Но и только всего сказал он, ни слова не прибавил, так-таки и не открыл тайны страдающего сердца. Да и была ли тайна? Не вся ли жизнь его была доподлинно известна, и не было в ней сокрытого, не было тайного и в темноте своей порочного.

Около года провел в таком состоянии душевнобольной; и не было за год времени даже часа, когда отдохнул бы он от слез: не высыхали глаза и уже начали гноиться, предвещая слепоту. Но голос стенаний оставался чистым, и даже появилась в нем особая мягкость, как в голосе женщины или еще невинного подростка. Из дальней комнаты порою чудилось, что это ребенок плачет, а не пожилой, стареющий мужчина. И ночь не освобождала страдальца: лежал он, покорный, и во сне мучился так же безысходно, как и наяву, мочил седую бороду в неистощимых слезах. Придет жена со свечкою, постоит, посмотрит, — то ли это муж ее, с которым в согласии прожила двадцать лет, то ли совсем чужой, неведомый и страшный человек… Двоится в глазах, деваться некуда, только одно спасение и есть что смерть.

И другой от таких страданий давно наложил бы на себя руки, но либо потерял Ипатов соображение, либо перешли мучения ту грань, за которою не властен человек поднять руку даже на себя. Очертило его своим кругом страдание, и стал он всему миру чужд и как бы неприкосновенен. Так было год, а по прошествии года прибавилась некоторая новая черта, завершившая все еще незавершенное и придавшая жизни Ипатова последний и окончательный вид.

Существовал в доме под лестницей темный чуланчик, где спал один из племянников, незадолго перед тем умерший от чахотки. Вот в этот без света чуланчик на охолодавшую кровать и залег однажды Ипатов, чтобы не выходить уж больше и не видеть света. Вначале пробовала жена отвести его в спальню, на собственную роскошную, купеческую кровать, но снова и снова уходил Ипатов в чуланчик, — там его, наконец, и оставили. Там он и жил, не видя свету, еще целых двенадцать лет.

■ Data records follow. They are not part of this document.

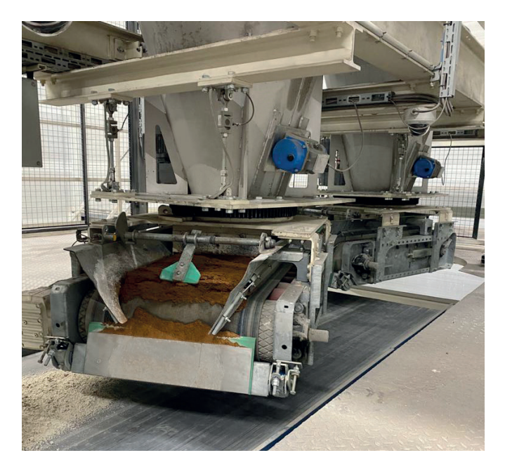
The patented Masa Multi-color system Premium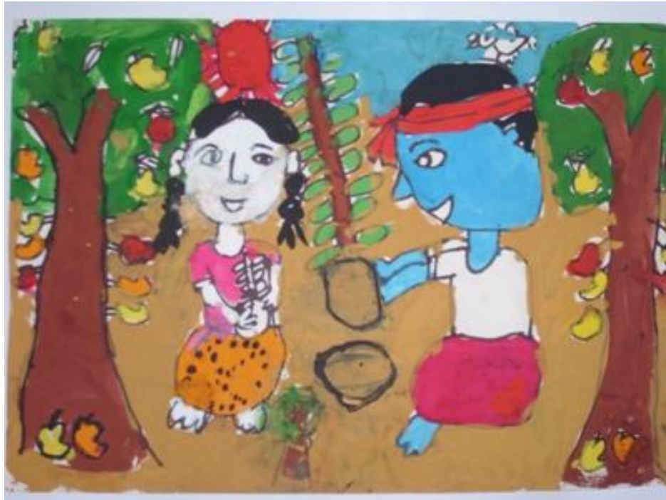
Picture- 17: Amlan Sarker a five year old boy was selected first in the Painting Competition in Group-A on the eve of International Ozone Day, 2012.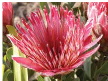
'IVY' PROTEA Resendiz Brothers Protea Growers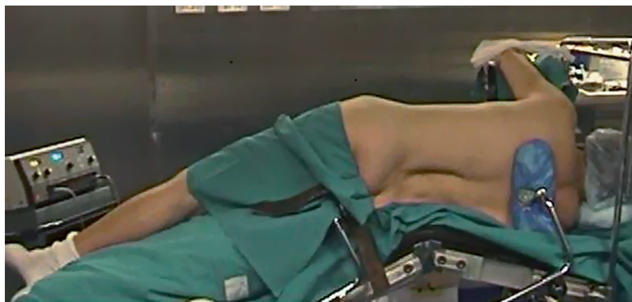
Figure 1 - Patient positioned.

Between September 2010 and December 2015, we performed 81 Retroperitoneoscopic RAPN (44 left and 37 right) (Table-1). Average size was 3cm (1-9cm). The nephrometry score of the tumors was calculated using R.E.N.A.L and PADUA scores (4). The exclusion criteria in the selection of patients for this type of surgery were: anterior masses of the lower pole, anterior masses of the hilum, previous retroperitoneal surgery, spinal abnormalities. Surgical technique: the patient is positioned on full flank position, the umbilicus on the break point of the of the table, the legs are positioned and a pillow is put in between (the internal leg is flexed at 45°, while the external leg is totally extended). The table broken until maximum skin extension reached in order to have as much working space as possible. The arm is positioned on an armrest secured close to the head as much as possible. The patient is secured by two supports placed behind: one on the upper part of the back at level of interscapular line and one on the lower part of the back at the level of sacrum bone. The patient is then further secured to the Table with Tensoplast® at shoulders level and at knee level (Figure-1). An oblique 1.5cm incision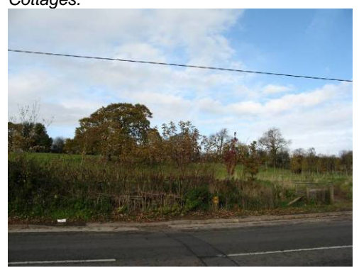
View from the A48 to the north west.

Overall the character of the village, where the plots face the main road, is of detached or terraced properties set back slightly from the road, the depth of the front gardens having been reduced by the road widening in 1930. Substantial stone walls and groups of mature trees are also important features, the heavy planting now seen in oblique views along the road having been encouraged by house owners to provide a visual barrier from the road. To the eastern and western edges of the village, the density of building reduces to the odd property until the road is totally bordered by fields.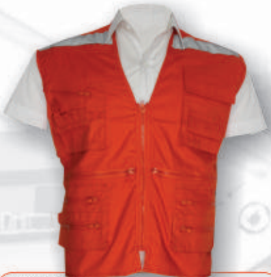
WH409 Vest red 65%polyester, 35%cotton fabric PVC zipper Reflective tape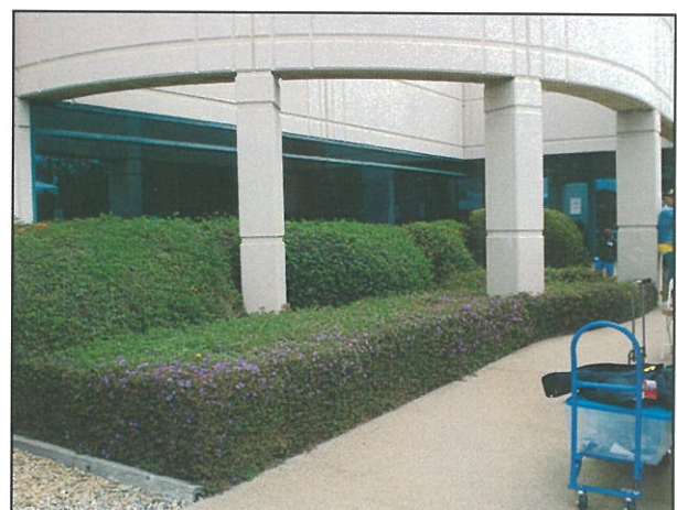
Photo shows the right side of the garden in front of the building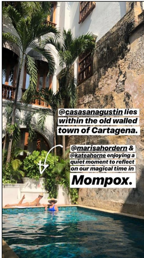
@casasanagustin lies within the old walled town of Cartagena.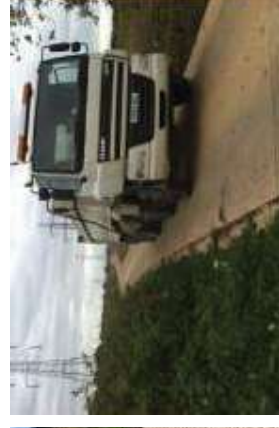
Haul road interlocking mats.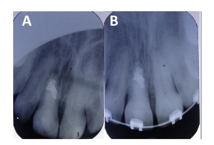
A) 1 year follow up radiograph B) 2 year follow up radiograph showing periapical healing.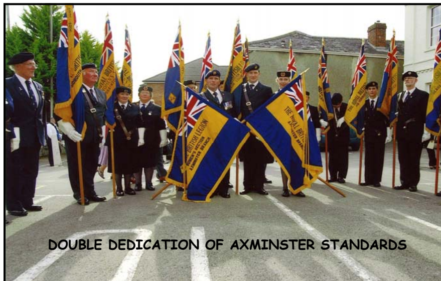
DOUBLE DEDICATION OF AXMINSTER STANDARDS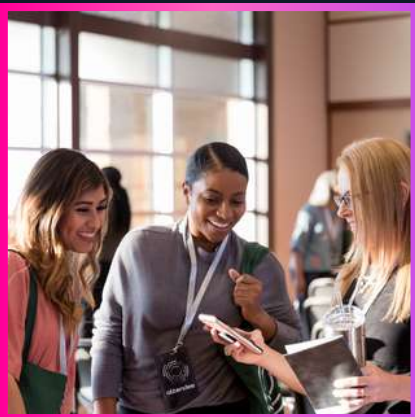
The Future of Women 2025 - Synergy Hub

И двенадцать лет, не смолкая, неслись из чуланчика стенания, и двенадцать лет, не осушая глаз, плакал от неведомого, ужасного горя несчастный купец. Вечный сумрак крыл его черты, и это было благом для людей, так как не мог бы человеческий взор вынести душепротивного зрелища столь ужасных страданий, не имеющих корня ни в божеской, ни в человеческой справедливости. Гнильем и затхлостью пахло из чуланчика, тяжелой человечиной пахло; как старый пень в сыром и темном овраге, медленно изгнивал купец, взбухший, тяжелый и трухлявый. Словно мох, расползлась по всему лицу борода, полезла из ноздрей, застлала уши, подобралась к самым глазам, — а глаза-то вытекли, а глаза-то вытекли, а глаза-то вытекли у купца, вытекли! Но что же это за горе такое, которому нет конца и предела, которое не насыщается ни временем, ни слезами, которое не спит и не дремлет, а бодрствует в ночи, которое не приходит и не отходит, а стоит вечно, не имеет над собою закона, — что же это за страдание такое?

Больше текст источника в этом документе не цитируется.